Abstract
The neurovascular unit (NVU) concept denotes cells and their communication mechanisms that autoregulate blood supply in the brain parenchyma. Over the past two decades, it has become clear that besides its primary function, NVU is involved in many important processes associated with maintaining brain health and that altering the proportion of the extracellular space plays a vital role in this. While biologists have studied the process of cells swelling or shrinking, the consequences of the NVU’s operation are not well understood. In addition to direct quantitative modeling of cellular processes in the NVU, there is room for developing a minimalistic mathematical description, similar to how computational neuroscience operates with very simple models of neurons, which, however, capture the main features of dynamics. In this work, we have developed a minimalistic model of cell volumes regulation in the NVU. We based our model on the FitzHugh–Nagumo model with noise excitation and supplemented it with a variable extracellular space volume. We show that such a model acquires new dynamic properties in comparison with the traditional neuron model.

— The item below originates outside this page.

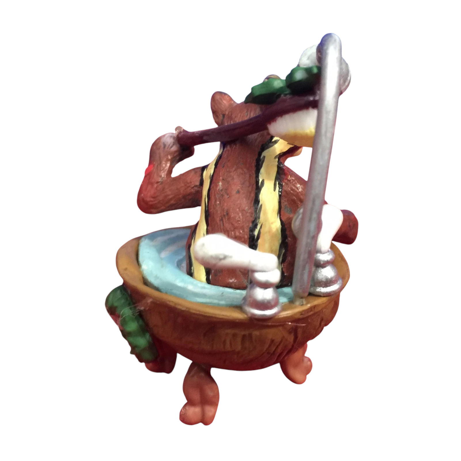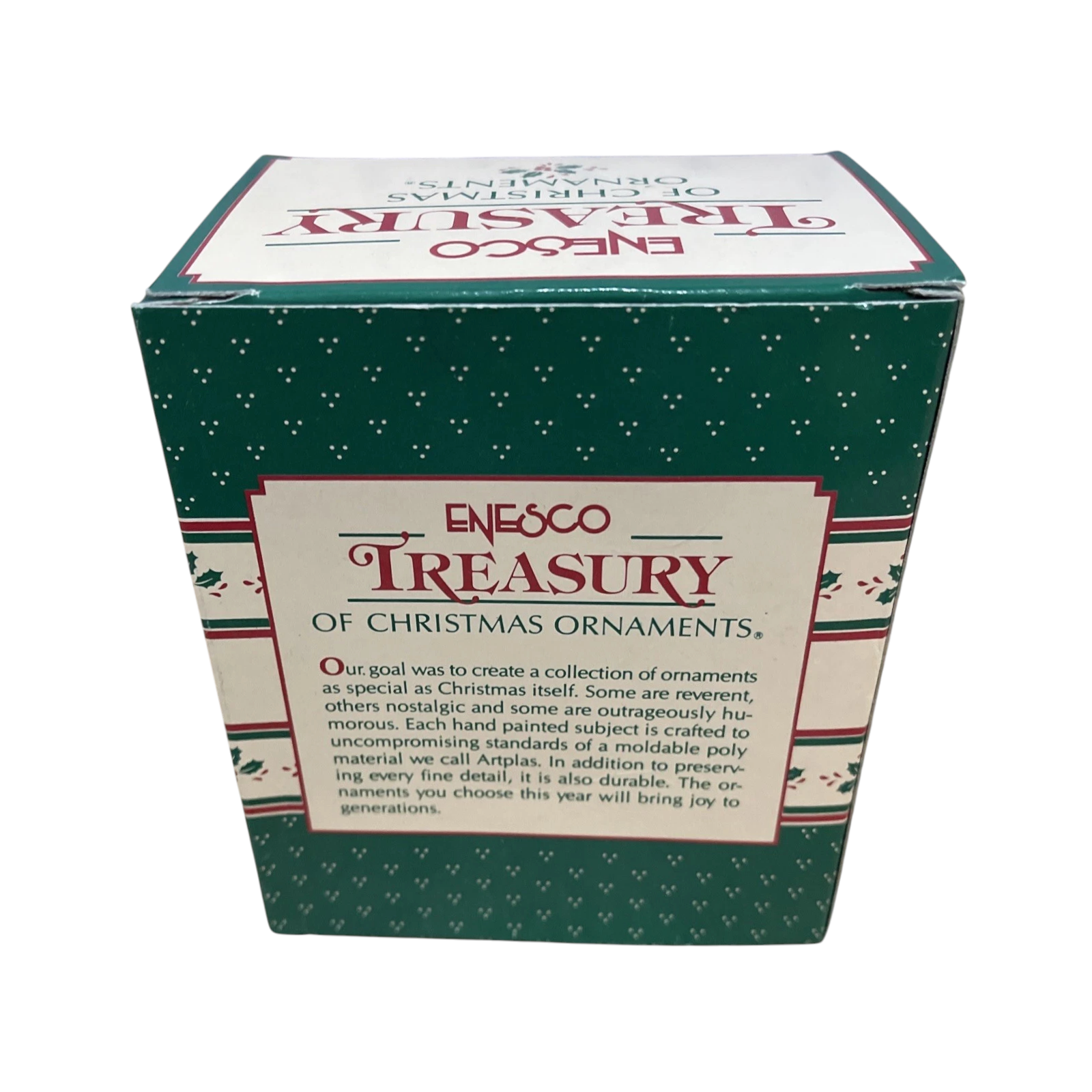 This playful ornament features a cheerful little squirrel relaxing in a walnut-shell bathtub—complete with soap bubbles and scrub brush—bringing a humorous twist to holiday décor. Crafted in the late-1980s, the piece is part of the “In a Nutshell” novelty series and captures Enesco’s signature whimsy and fine moulding. With its hand-painted detail and compact design, it appeals to collectors of vintage holiday ornaments and fans of animal-themed keepsakes alike. As the first issue in the “In a Nutshell” series, it holds special appeal for series-seekers and those wanting that “start” of a collection.

To validate our approach, we adjusted the parameters of the minimalistic model so that its behavior fits the dynamics computed using the high-dimensional quantitative and biophysically relevant model. The results show that our model correctly describes the change in cell volume and intercellular space in the NVU.
Funder
RF Government
Russian Science Foundation
Subject
General Mathematics,Engineering (miscellaneous),Computer Science (miscellaneous)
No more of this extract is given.